Sub-gotcha I burned on later: re-signing an already-signed binary strips the grant, even when the resulting Signature=adhoc identifier looks identical. Don't re-codesign on every deploy, make it conditional:

BASH

sig_ok=$(codesign -dv "$bin" 2>&1 | grep -c 'Signature=adhoc\|Identifier=otelcol' || true)
if [ "$sig_ok" -gt 0 ]; then
  echo "already signed, leaving alone"
else
  codesign --force --deep -s - "$bin"
fi

4.2 `open -a EXO --args ...` silently drops arguments

When the Mac peers got out of sync, I tried pinning EXO's libp2p port to make bootstrap deterministic across reboots:

BASH

open -a EXO --args --libp2p-port 9090

EXO bound a random port.
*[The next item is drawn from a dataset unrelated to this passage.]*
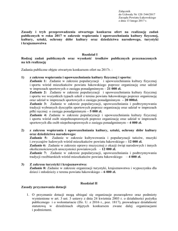Załącznik do Uchwały Nr 120 /344/2017 Zarządu Powiatu Łukowskiego z dnia 13 lutego 2017 r. Zasady i tryb przeprowadzenia otwartego konkursu ofert na realizację zadań publicznych w roku 2017 w zakresie wspierania i upowszechniania kultury fizycznej, kultury, sztuki, ochrony dóbr kultury oraz dziedzictwa narodowego, turystyki i krajoznawstwa Rozdział I Rodzaj zadań publicznych oraz wysokość środków publicznych przeznaczonych na ich realizację Zadania publiczne objęte otwartym konkursem ofert na 2017r. : 1) z zakresu wspierania i upowszechniania kultury fizycznej i sportu: Zadanie 1: Zadanie w zakresie popularyzacji i upowszechniania kultury fizycznej i sportu wśród mieszkańców powiatu łukowskiego poprzez organizację oraz udział w imprezach sportowych o zasięgu ponadgminnym – 21 000 zł. Zadanie 2: Zadanie w zakresie popularyzacji i upowszechniania kultury fizycznej i sportu we wszystkich typach szkół z terenu powiatu łukowskiego poprzez organizację oraz udział w imprezach sportowych o zasięgu ponadgminnym – 20 000zł. Zadanie 3: Zadanie w zakresie popularyzacji, upowszechniania i podtrzymywania tradycji wybranych dyscyplin sportowych poprzez organizację oraz udział w imprezach piłki ręcznej o zasięgu ponadgminnym – 5 000 zł. Zadanie 4: Zadanie w zakresie popularyzacji i upowszechniania kultury fizycznej i sportu wśród osób niepełnosprawnych poprzez organizację oraz udział w imprezach sportowych dla osób niepełnosprawnych o zasięgu ponadgminnym – 4 000 zł. 2) z zakresu wspierania i upowszechniania kultury, sztuki, ochrony dóbr kultury oraz dziedzictwa narodowego: Zadanie 5: Zadanie w zakresie kultywowania i popularyzacji tańców, muzyki i zwyczajów ludowych wśród mieszkańców powiatu łukowskiego – 12 000 zł. Zadanie 6: Zadanie w zakresie oprawy muzycznej z okazji świąt narodowych i innych okolicznościowych uroczystości powiatowych – 12 000 zł. Zadanie 7: Zadanie w zakresie popularyzacji, upowszechniania i podtrzymywania tradycji rzeźbiarskich wśród mieszkańców powiatu łukowskiego – 4 000 zł. 3) Z zakresu turystyki i krajoznawstwa: Zadanie 8: Zadanie w zakresie organizacji turystyki, krajoznawstwa i wypoczynku dla dzieci i młodzieży z terenu powiatu łukowskiego – 6 000 zł. Rozdział II Zasady przyznawania dotacji 1. O przyznanie dotacji mogą ubiegać się organizacje pozarządowe oraz podmioty wymienione w art. 3 ust. 3 ustawy z dnia 24 kwietnia 2003 r. o działalności pożytku publicznego i o wolontariacie (Dz. U. z 2016 r., poz. 1817), prowadzące działalność statutową w dziedzinach objętych konkursem zwane dalej organizacjami i podmiotami. 2. Zlecanie realizacji zadań, o których mowa w rozdziale I, nastąpi w formie wspierania i wykonywania tych zadań przez organizacje i podmioty przez udzielenie dotacji na dofinansowanie ich realizacji. 3. Oferent może złożyć jedną ofertę na wybrane zadanie lub kilka ofert, każda na inne zadanie objęte konkursem. 4. Dotacje na realizację zadań otrzymają podmioty, wybrane w niniejszym postępowaniu konkursowym. 5. Złożenie oferty nie jest równoznaczne z przyznaniem dotacji. 6. W ramach jednego zadania, dotacje może uzyskać więcej niż jeden wnioskodawca. 7. Wybór oferty nie gwarantuje przyznania środków w wysokości wskazanej przez wnioskodawcę. 8. W przypadku zaistnienia konieczności zmniejszenia kwoty dotacji w stosunku do wnioskowanej, oferent nie będzie związany złożoną ofertą. 9. Konkurs zostanie rozstrzygnięty także gdy wpłynie tylko jedna oferta na zadanie. Rozdział III Terminy i warunki realizacji zadań 1. Zadania publiczne winny zostać zrealizowane do 15 grudnia 2017 r. Terminy realizacji poszczególnych zadań określone zostaną w umowie zawartej pomiędzy wybraną organizacją lub podmiotem, a Powiatem Łukowskim. 2. Zadania winny być realizowane z najwyższą starannością, zgodnie z zawartą umową oraz obowiązującymi standardami i przepisami. 3. Szczegółowe warunki realizacji, finansowania i rozliczenia zadania zostaną określone w umowie, o której mowa w ust. 1. Rozdział IV Termin składania ofert 1. Ofertę w formie pisemnej wraz z wymaganymi dokumentami należy dostarczyć w zamkniętej kopercie do sekretariatu Starostwa Powiatowego w Łukowie, ul. Piłsudskiego 17, 21-400 Łuków, pok. 209 w terminie do dnia 7 marca 2017 r. do godz. 15.30. UWAGA – za termin złożenia oferty przyjmuje się datę i godzinę wpływu oferty do Starostwa Powiatowego w Łukowie. 2. Na kopercie należy umieścić pieczęć oferenta oraz opis w brzmieniu: „Konkurs ofert na realizację zadań publicznych w roku 2017 - zadanie nr…..”. W miejsce kropek należy wpisać nr zadania, którego wniosek dotyczy, wymieniony w Rozdziale I. 3. Złożona oferta musi być zgodna ze wzorem określonym w Rozporządzeniu Ministra Rodziny, Pracy i Polityki Społecznej z dnia 17 sierpnia 2016 r. w sprawie wzorów ofert i ramowych wzorów umów dotyczących realizacji zadań publicznych oraz wzorów sprawozdań z wykonania tych zadań (Dz. U., poz. 1300). 4. Do oferty należy dołączyć załączniki: 1) aktualny wypis z właściwego rejestru lub z ewidencji prowadzonej przez właściwy organ, potwierdzający status prawny oferenta i osób reprezentujących go; 2) w przypadku oferty wspólnej umowę partnerską lub oświadczenie partnerów o wspólne ubieganie się o realizację zadania. 5. Załączniki do oferty należy składać w oryginale lub poświadczone za zgodność z oryginałem przez uprawnione osoby. 6. W przypadku złożenia przez jednego oferenta więcej niż jednej oferty, dopuszcza się złożenie jednego kompletu załączników ze wskazaniem, do której oferty zostały dołączone. 7. Oferty złożone po terminie, sporządzone niewłaściwie bądź niekompletne oraz złożone na niewłaściwych drukach, nie będą rozpatrywane ze względów formalnych i zostaną wykazane w protokole otwarcia ofert jako niespełniające w

Args were dropped. macOS's open accepts --args but the receiving .app has to declare it intends to read them; most bundled apps don't.

What works: invoke the bundled binary directly.

BASH

exec /Applications/EXO.app/Contents/Resources/exo/exo --libp2p-port 9090

What breaks if you do that: the bundled macmon subprocess can't spawn anymore (loses the .app's signed entitlements), and the topology UI's power column goes to 0. You can't have both. I chose the .app launch (wattage matters more than fixed port; cross-VLAN peer discovery via mDNS reflector works fine without).

4.3 libp2p mDNS across VLANs needs a UniFi gateway mDNS reflector

EXO's peer discovery is libp2p mDNS only in the current v1 build, no config.toml, no bootstrap-peers for the Mac UI to consume even though the CLI flag exists. (I confirmed by grep -r config.toml inside the bundle: one TODO comment, never loaded.)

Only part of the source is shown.